Вдалеке в окнах домов разливался мягкий теплый свет. Там жили люди: ужинали или пили чай, смотрели телевизор или разговаривали. А она, Лялька, сидела на холодных, покрытых снегом ступеньках фельдшерского пункта и рожала.
Опять отпустило… Лялька стянула шаль с головы и вдруг вспомнила, что Егор Николаевич всегда оставлял ключ здесь – в металлическом почтовом ящике на двери. Лялька вскочила, нащупала рукой ключ, открыла дверь, и знакомый запах обдал ее лицо.
– Спасибо! Спасибо, Егор Николаевич, – сказала она вслух.
Нащупала выключатель, скинула пальто. Домик ожил. Лялька сбросила сапоги и увидела под шкафом свои летние медицинские туфли.
– Вот я и дома, – улыбнулась она.
И вдруг из нее ручьем полилась вода. Она лилась и лилась, словно в ней, в Ляльке, кто-то открыл кран. Добравшись до кушетки, Лялька стянула с себя колготки и белье. Подошла к стеклянному шкафу, где хранились инструменты. «Спирт, ножницы, зажим…» – проговаривала она.
И опять эта боль! Оля чуть не свалила шкаф, присела на корточки и почувствовала, как что-то мягкое уперлось ей в кость. Лялька непроизвольно потужилась, потом еще – и на пол выпал плод. Маленький, синего цвета. И пуповина длинная-длинная – бесконечно длинная пуповина.
Безумными глазами глядя на свои руки, Лялька перерезала ее и, как смогла, завязала. Потом перевернула ребенка на живот и похлопала его по спине. Он зашевелился и затряс крохотными ручками. И она услышала его крик. Даже не крик, а визг – тоненький и дребезжащий, словно поросячий. Плацента выпала следом. Лялька осмотрела ее как медик: долго и внимательно. Боль куда-то исчезла – так же мгновенно, как и появилась.
Тут Лялька опомнилась, что ребенок лежит рядом. Просто притих и трясет кулачками, как бы грозя ей: «А ну!» Лялька стянула с кушетки целлофан и завернула ребенка в него. «Меня никто не видел, и никто не знает, куда я поехала. Дойду до станции, выкину в бак – и уеду назад». Мысли путались, одна перебивала другую, и казалось, что все происходит не здесь, не сейчас и не с ней.
Ребенок в целлофане отогрелся, стал открывать ротик и попискивать. Лялька вспомнила карпа, которого приносил Олег. Карпа в целлофановом пакете – она еще не могла его убить и положила в морозилку. И сейчас то же самое готова сделать со своим ребенком…
Дрожащими руками развернула клеенку. В голове был хаос, в глазах – ужас. Она закутала крохотное тельце в шаль и положила на кушетку. Сама присела рядом и стала на него смотреть. Маленький сморщенный комочек. Крошечные ручки и ножки.

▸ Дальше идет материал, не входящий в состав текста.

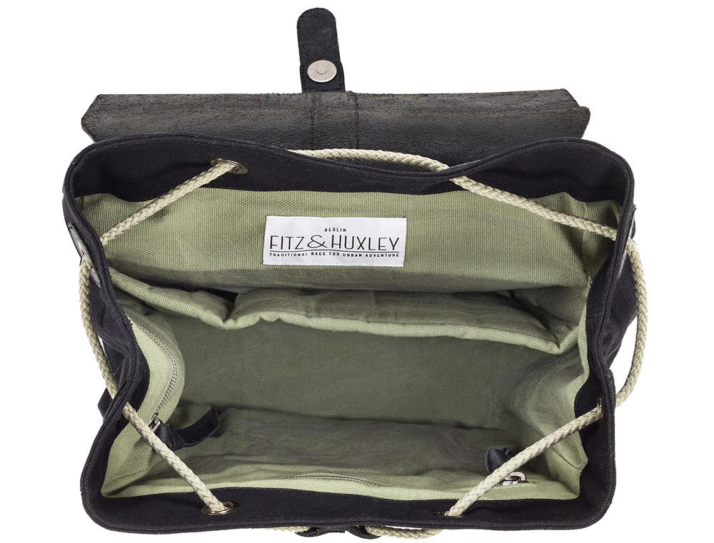 Der Rucksack selbst wirkt ausgesprochen hochwertig verarbeitet, das verwendete Segeltuch und das schwarz gefärbte Glattleder machen gleich einen sehr guten ersten Eindruck. Verschlossen wird der Lederdeckel mittels eines runden Magneten, das große Innenfach ist mit einem Kordelzug versehen und lässt sich entsprechend zusammenziehen. Im Inneren ist der Equinox mit einem hellgrünen Leinenstoff ausgestattet, der es deutlich vereinfacht, Kleinigkeiten in der Tiefe des Rucksacks wiederzufinden. Auf der Rückseite des Innenfachs gibt es zudem einen separaten, leicht gepolsterten Einschub für ein MacBook mit bis zu 13 Zoll Bildschirmgröße.
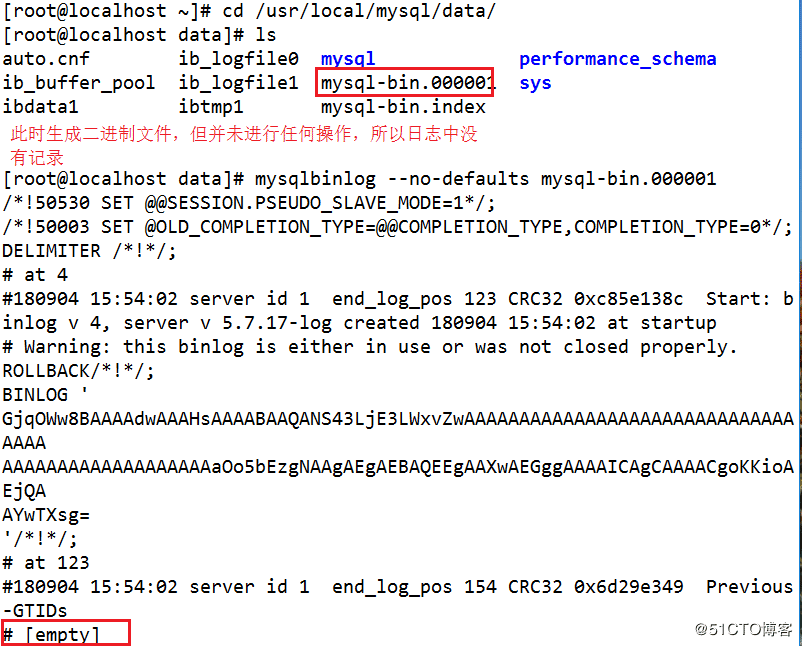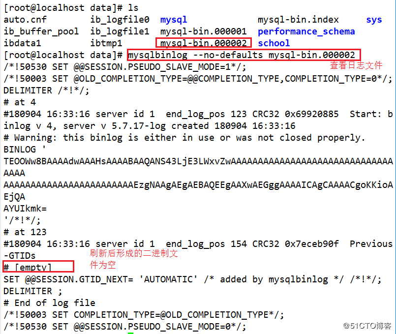 5、刷新日志,生成新的日志,注意:之前数据库的操作写入编号为000001的日志中,新生成的000002的日志为空
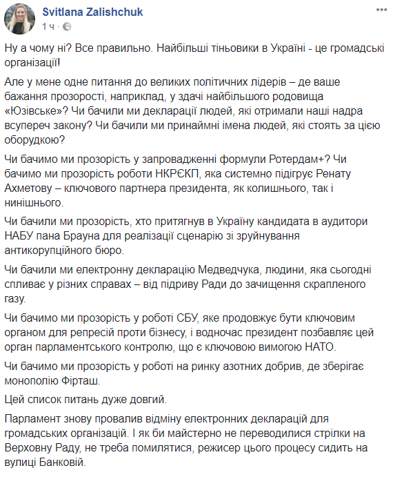 "Парламент снова провалил отмену электронных деклараций для общественных организаций. И как бы искусно не переводились стрелки на Верховную Раду, не надо ошибаться, режиссер этого процесса сидит на улице Банковой", - написала Залищук в Facebook.
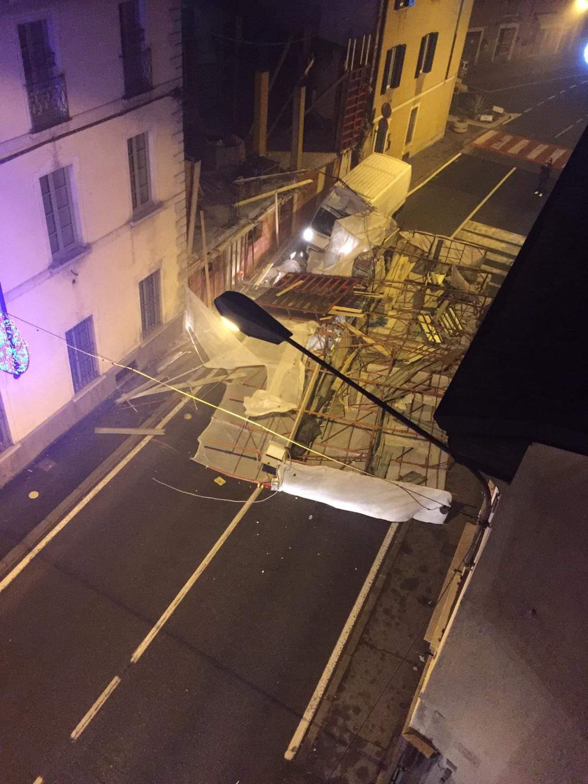 Abbattuti dei ponteggi lungo via Vittorio Emanuele a Coccaglio.
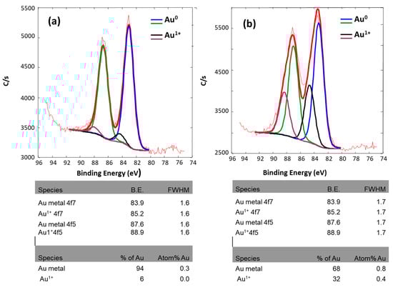 The curve fitting of both samples’ Au 4f spectrum indicated that both contained mostly Au0 and small amounts of Au1+ species. The XPS results revealed that the DP sample had a higher Au level and included more Au1+ than LVCC.
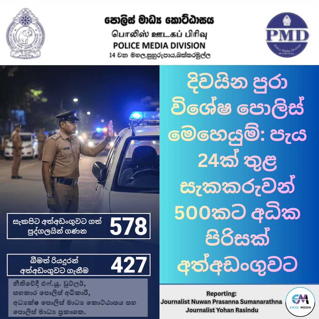“පොලිස්පතිතුමාගේ නියෝග මත අපරාධ සහ මත්ද්රව්ය වැටලීම් සඳහා සියලු කොට්ඨාස මට්ටමින් මෙහෙයුම් ක්රියාත්මක වේ. මහජන සාමය සහ ආරක්ෂාව තහවුරු කිරීම රජයේ සහ පොලිසියේ මූලික අරමුණයි.”

Ребенок затих и заснул. Лялька пыталась услышать себя, поймать свои чувства, но словно окаменела. У нее не было никаких чувств, кроме брезгливости, страха и отвращения. А еще лучше, чтобы все это было сном. Лялька разрыдалась в голос, а затем встала. Как ни странно, откуда-то взялись силы. Включила маленькую электрическую переносную плиту и поставила чайник. Затем обмылась и прибралась. Переоделась. Делала все медленно, но верно. Грязные вещи сложила в тот самый целлофан и завернула узлом.
Ребенок спал. Лялька взяла сумку, плотно прикрыла дверь и вышла. Свежий морозец охладил лицо. Оля медленно побрела к станции. В фельдшерском пункте, оставшемся за спиной, горел свет, а на кушетке спал крохотный мальчик, завернутый в голубую шаль.
Лялька села в пустой вагон электрички и заснула. Это все сон. Сон…
Глава 3
Ашот любил вставать рано, пока его многочисленная шумная семья спала. Он с наслаждением варил себе крепкий кофе, листал газету или журнал, закуривал сигарету и наслаждался ти-ши-ной. Это был его час. Только его.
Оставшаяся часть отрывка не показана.